For this listing, reproduce the line with "26 октября в", the line with "km 26,4 (links)", and the lines between, exactly as they stand. Leave out pictures and all other lines.

:: SUPPLIED DATA ::
***

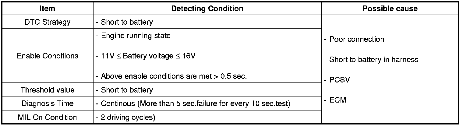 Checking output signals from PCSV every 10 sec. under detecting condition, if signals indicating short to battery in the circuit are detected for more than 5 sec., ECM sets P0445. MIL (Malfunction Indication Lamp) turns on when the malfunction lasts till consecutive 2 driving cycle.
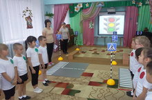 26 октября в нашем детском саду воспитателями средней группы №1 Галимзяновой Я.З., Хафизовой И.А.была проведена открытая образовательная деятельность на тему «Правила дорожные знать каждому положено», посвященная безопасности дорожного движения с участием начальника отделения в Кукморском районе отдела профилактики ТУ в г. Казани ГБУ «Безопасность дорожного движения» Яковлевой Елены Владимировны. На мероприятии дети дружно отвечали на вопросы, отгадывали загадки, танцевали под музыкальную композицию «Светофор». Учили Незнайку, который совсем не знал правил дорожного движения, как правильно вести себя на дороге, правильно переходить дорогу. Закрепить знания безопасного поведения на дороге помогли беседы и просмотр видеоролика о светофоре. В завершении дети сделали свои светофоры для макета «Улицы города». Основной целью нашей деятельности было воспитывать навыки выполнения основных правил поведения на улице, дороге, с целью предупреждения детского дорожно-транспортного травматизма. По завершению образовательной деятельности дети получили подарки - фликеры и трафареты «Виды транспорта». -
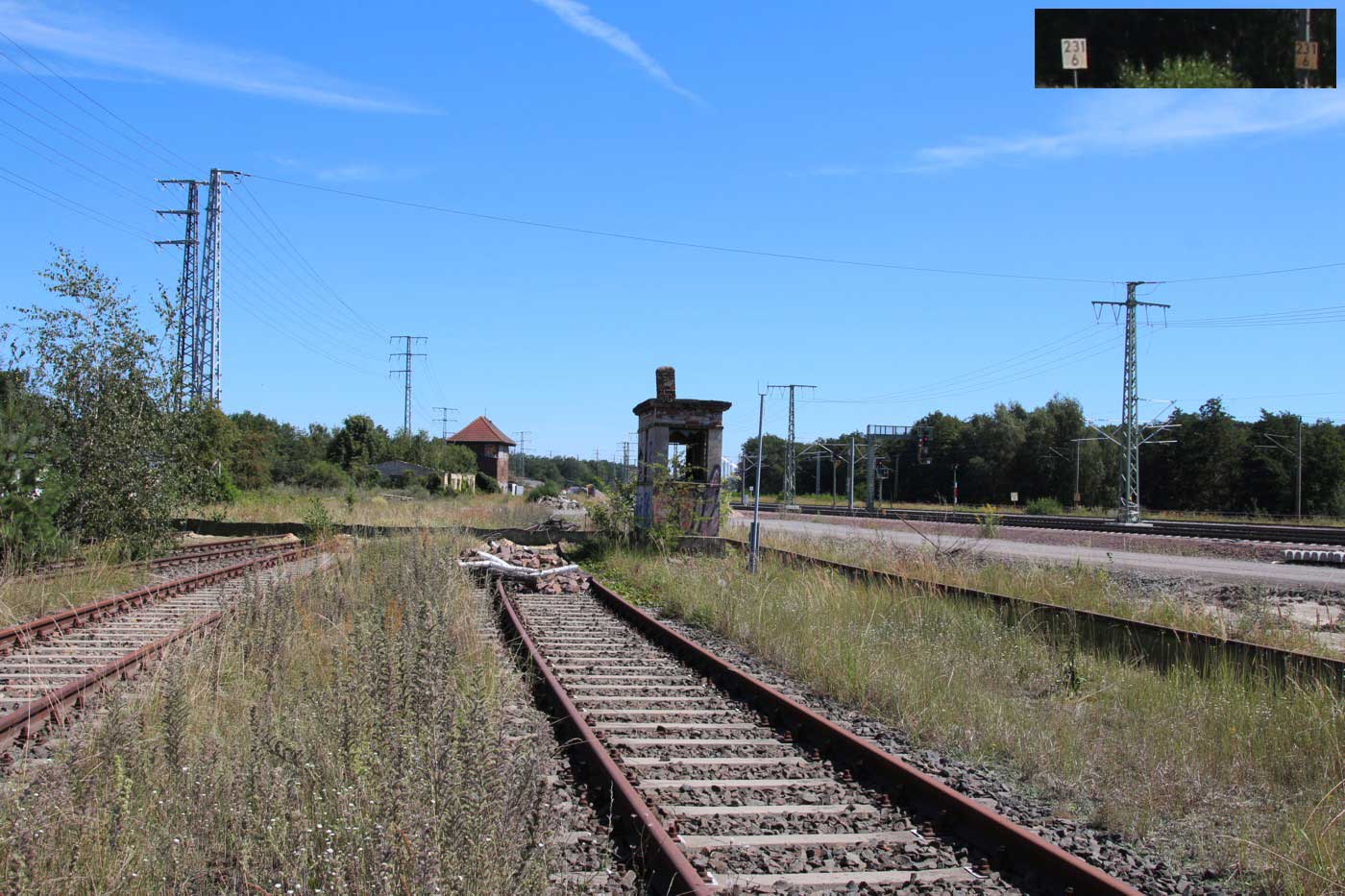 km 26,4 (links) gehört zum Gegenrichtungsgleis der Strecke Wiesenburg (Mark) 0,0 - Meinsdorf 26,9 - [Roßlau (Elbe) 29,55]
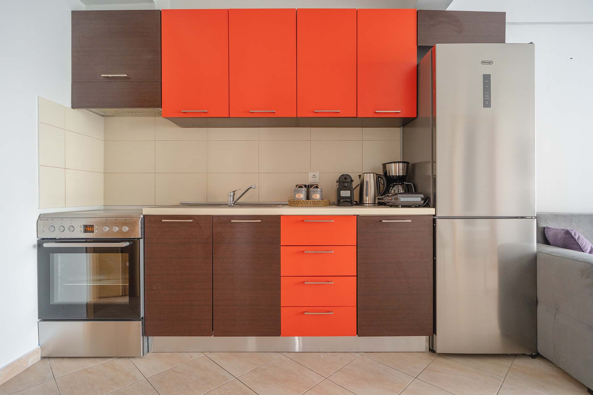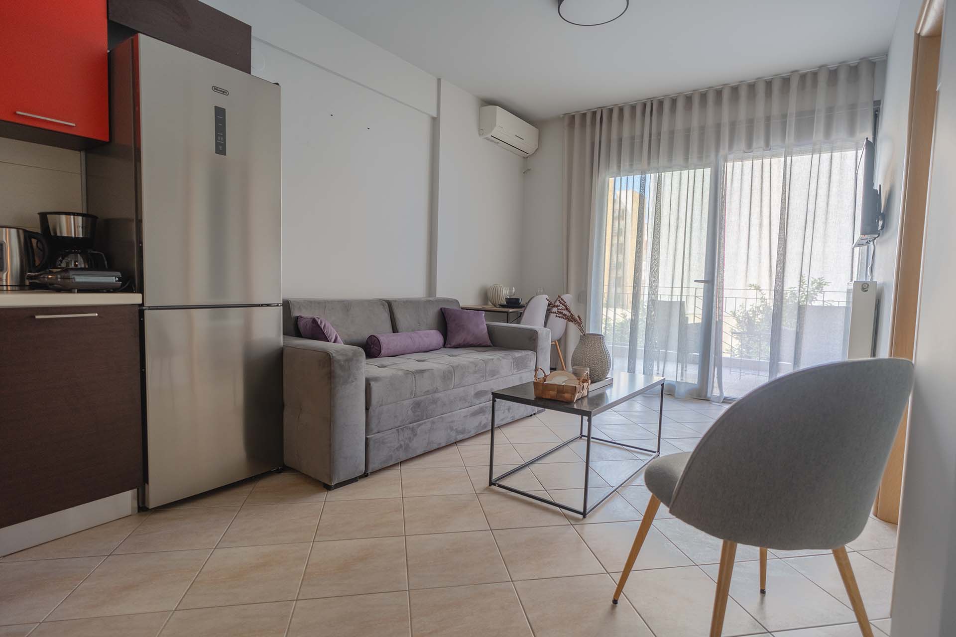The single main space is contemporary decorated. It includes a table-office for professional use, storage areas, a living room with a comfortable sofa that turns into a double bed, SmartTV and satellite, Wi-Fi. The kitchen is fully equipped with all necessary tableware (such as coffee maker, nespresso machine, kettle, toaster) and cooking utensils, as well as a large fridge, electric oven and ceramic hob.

***

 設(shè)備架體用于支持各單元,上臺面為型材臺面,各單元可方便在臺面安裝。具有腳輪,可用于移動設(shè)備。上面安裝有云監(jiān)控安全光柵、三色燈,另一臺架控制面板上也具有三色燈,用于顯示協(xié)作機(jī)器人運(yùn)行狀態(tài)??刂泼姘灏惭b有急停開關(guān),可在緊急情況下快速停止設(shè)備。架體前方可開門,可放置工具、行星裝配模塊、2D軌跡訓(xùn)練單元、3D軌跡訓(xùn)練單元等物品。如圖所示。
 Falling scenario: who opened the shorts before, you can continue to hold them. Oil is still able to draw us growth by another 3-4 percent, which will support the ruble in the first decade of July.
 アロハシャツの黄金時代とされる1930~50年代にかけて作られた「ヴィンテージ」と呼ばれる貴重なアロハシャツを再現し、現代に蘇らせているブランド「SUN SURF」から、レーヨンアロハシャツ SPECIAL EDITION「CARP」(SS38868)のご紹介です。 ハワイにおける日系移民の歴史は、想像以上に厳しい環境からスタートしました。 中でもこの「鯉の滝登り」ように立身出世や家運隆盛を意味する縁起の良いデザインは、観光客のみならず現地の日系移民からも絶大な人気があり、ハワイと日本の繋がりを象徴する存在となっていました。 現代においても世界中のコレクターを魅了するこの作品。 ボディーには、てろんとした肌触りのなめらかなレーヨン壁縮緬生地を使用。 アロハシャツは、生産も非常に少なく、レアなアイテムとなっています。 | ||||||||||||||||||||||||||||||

***

:: ANSWER TO THIS PROBLEM ::
 26 октября в нашем детском саду воспитателями средней группы №1 Галимзяновой Я.З., Хафизовой И.А.была проведена открытая образовательная деятельность на тему «Правила дорожные знать каждому положено», посвященная безопасности дорожного движения с участием начальника отделения в Кукморском районе отдела профилактики ТУ в г. Казани ГБУ «Безопасность дорожного движения» Яковлевой Елены Владимировны. На мероприятии дети дружно отвечали на вопросы, отгадывали загадки, танцевали под музыкальную композицию «Светофор». Учили Незнайку, который совсем не знал правил дорожного движения, как правильно вести себя на дороге, правильно переходить дорогу. Закрепить знания безопасного поведения на дороге помогли беседы и просмотр видеоролика о светофоре. В завершении дети сделали свои светофоры для макета «Улицы города». Основной целью нашей деятельности было воспитывать навыки выполнения основных правил поведения на улице, дороге, с целью предупреждения детского дорожно-транспортного травматизма. По завершению образовательной деятельности дети получили подарки - фликеры и трафареты «Виды транспорта». -
 km 26,4 (links) gehört zum Gegenrichtungsgleis der Strecke Wiesenburg (Mark) 0,0 - Meinsdorf 26,9 - [Roßlau (Elbe) 29,55]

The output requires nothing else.